Читаем Искусство отсутствовать: Незамеченное поколение русской литературы полностью

В любом случае простота — это ценность, имеющая прямое отношение к самому важному, главному, универсальному. Препятствием на пути к главному объявляется метафора, троп. И для Адамовича, «духовного вождя молодых парижских поэтов», и для Альфреда Бема, отказавшегося признавать «парижский» образ молодого поколения, именно метафора становится воплощением избыточности [400]. Это, в общем, понятно — в социологии литературы метафора описывается как механизм перевода, перекодировки культурных значений, как инструмент интериоризации и индивидуализации нормативных смыслов [401]. Призыв к устранению метафоры подразумевает призыв к «сохранению основ», не только и не столько языковых или «литературных», сколько ценностных, коль скоро ценностные основы кажутся расшатанными. Заведомо обреченная на провал борьба с метафорой — конечно, сама по себе своего рода метафора, указывающая на необходимость упрощения системы кодов, облегчения процедур считывания смыслов. Идея «искренней» литературы в нашем случае предполагает прежде всего, что намерения автора максимально прозрачны, что они не требуют сложной расшифровки. Адамович оговаривается: «нельзя, понятно, „простоту“ отождествлять с безличностью, с унылой и бесплодной гладкостью. Писатель выражает свое отношение к миру, или, как говорят теперь на нашем ужасающем литературном воляпюке, „выявляет себя“. Все неясное, неустановившееся, непонятное должно отразиться в стиле, и бессмысленно тут было бы протестовать. Эта нестройность может быть и прекрасна, если оправдана творческой необходимостью» [402]. Впоследствии, однако, «парижская школа» будет ассоциироваться прежде всего с концепцией «экономии средств», подробно изложенной Адамовичем в конце 1950-х [403], и восприниматься скорее как лаборатория для создания универсального, нейтрального, предельно стертого, почти «нулевого» языка: «Идея <…> „парижской ноты“ состояла в простоте, в очень ограниченном словаре, который был сведен к главным словам, самым главным, незаменимым» [404].

Апология «буквальных», «подлинных» значений не обязательно направлена против категории вымысла, однако все, что связано со столь важной для Набокова «работой воображения», в эмигрантской критике определяется заимствованным у формалистов словом «прием», и в принципе эта тема не подлежит дальнейшей детализации, не вызывает особого интереса. Раздраженное недоумение первых рецензентов Сирина сводится, в общем, к вопросу «О чем это?» [405]; проясняет и, насколько возможно, сглаживает ситуацию найденный в конце концов более или менее удовлетворительный ответ: «о творчестве» [406], «о литературе», иными словами — «о приемах» [407].

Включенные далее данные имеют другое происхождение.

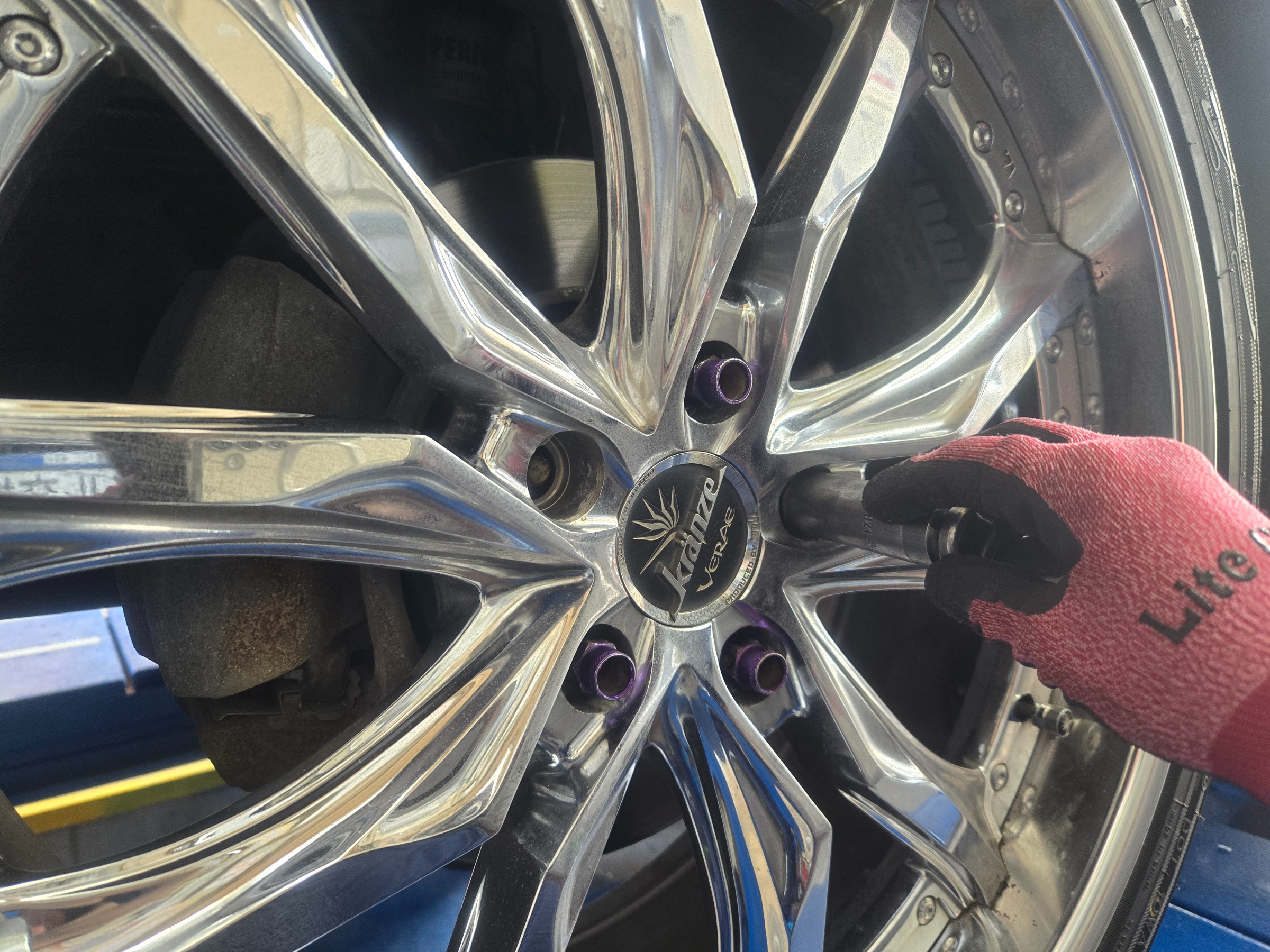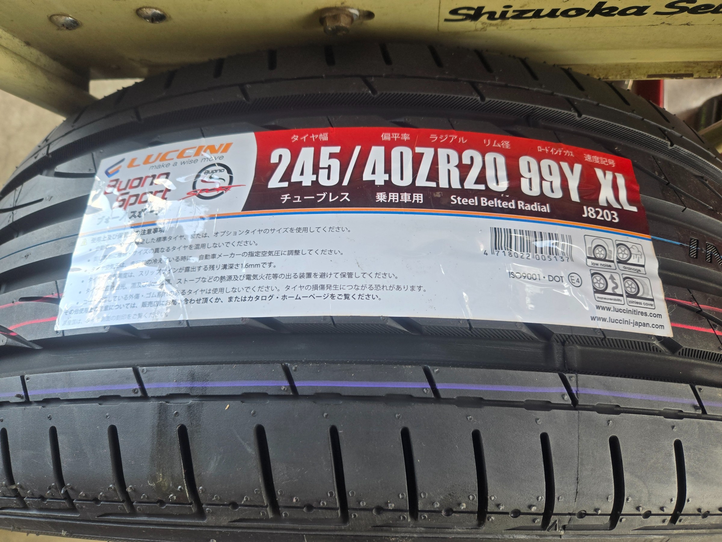 いつも遠方よりお越し下さいますO様。だいたい二年おきに夏タイヤを2本づつ購入しております。タイヤサイズは245/40R20とインチアップしている事から、なるべく価格を抑えたいという事で、『ルッチーニ』に決定しました
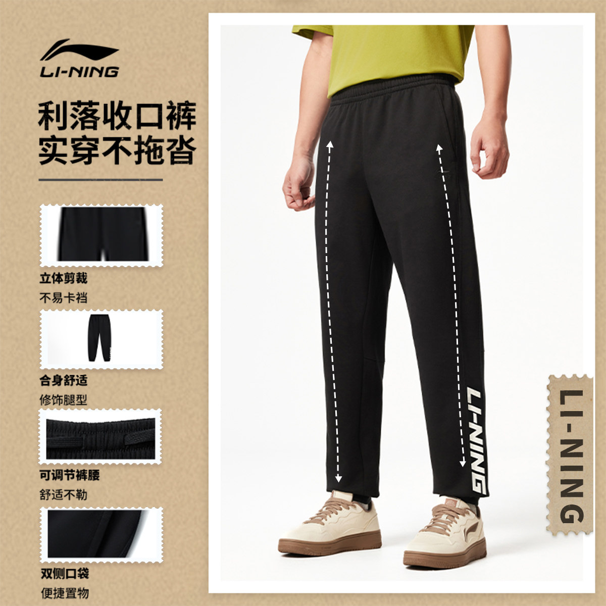 李宁运动裤男士健身跑步裤校服裤子针织卫裤休闲加绒运动长裤男款
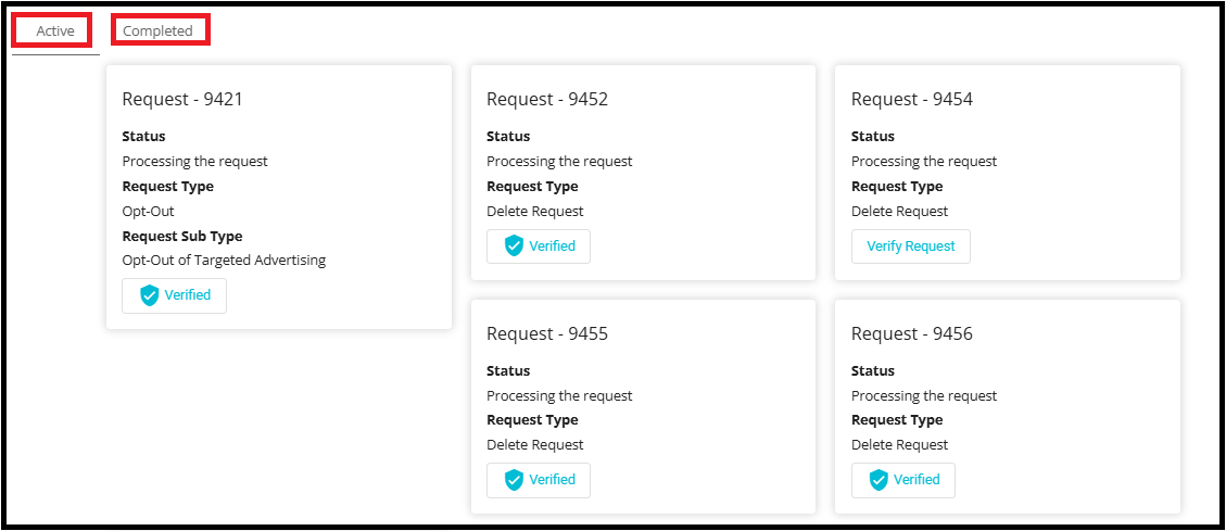 • Completed tab in the Privacy Portal contains details of requests that have been fully processed.
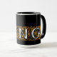 "Mágula de cerâmica Na moda negra com letras brancas arrojadas de 'KING', perfeita para um toque real no seu café ou chá."
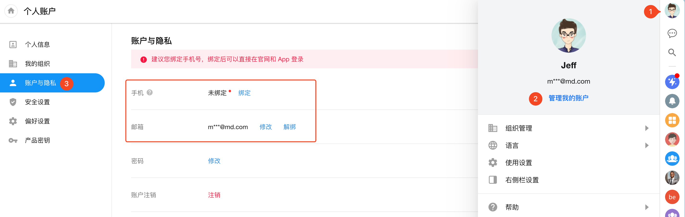 点击系统头像后,进入“管理我的 账户” - “账户与隐私” ,可对手机号或邮箱绑定或解绑。
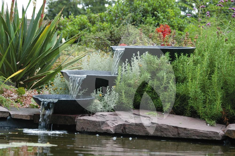 Het waterornament Nova Scotia is een set bestaande uit 3 watervalschalen. De schalen zijn gemaakt van het lichte materiaal terrazzo in een antraciete kleur. Dankzij zijn hoogwaardige kwaliteit heeft het ornament een lange levensduur verkregen. De schalen zijn verschillend van grootte en ieder voorzien van een uitsparing. Wanneer u de schalen boven elkaar plaatst zal er een waterval ontstaan, waarbij u kunt kiezen om de waterval te laten uitmonden in uw vijver of in een opvangbassin (deze wordt niet meegeleverd). De Nova Scotia wordt geleverd met een bijpassende pomp en aansluitmateriaal waardoor hij zeer eenvoudig is te monteren en te plaatsen.

Конечно, в эмиграции не забывают о существовании того, что в современной терминологии следовало бы назвать метаязыком, но вытеснение любых свидетельств авторской работы над текстом объявляется правилом хорошего тона. «Усилье подлинного художника направлено к тому, чтобы скрыть все „швы“, спрятать все концы в воду. Пушкин писал „просто“, но по черновикам его мы знаем, чего эта простота ему стоила» [408], — иными словами, литературность, которую воплощают метафора и метаязык, согласно Адамовичу, следует не столько преодолеть, сколько скрыть. Два года спустя, в первом номере «Чисел» Адамович высказывается более радикально: «Пушкина точил червь простоты. <…> Что было бы дальше, если бы Пушкин жил, — кто знает? — но пути его не видно, пути его нет <…>. Оставалась проза. Но кто с таким даром соскользнул с одной ступеньки на другую, докатился бы и до конца: это — к великой чести Пушкина, как и всех, кому хоть вдалеке мерещится „непоправимо белая страница“, после которой еще можно жить, но уже нельзя писать» [409]. На сей раз простота интерпретируется как прямая угроза литературе: «И стоит только писателю „возжаждать вещей последних“, как литература (своя, личная) начнет разрываться, таять, испепеляться, истончаться и превратится в ничто. Еще: ее может убить ирония. Но вернее всего убьет ее ощущение никчемности. Будешь снимать листик за листиком: это не важно и то не важно (или нелепо — в случае иронии), это — пустяки и то — всего лишь мишура, листик за листиком, в предчувствии самого верного, самого нужного, а его нет. Одни только листья, будто кочан капусты. Простота есть понятие отрицательное, глубоко-мефистофелевское и по-мефистофелевски неотразимое» [410].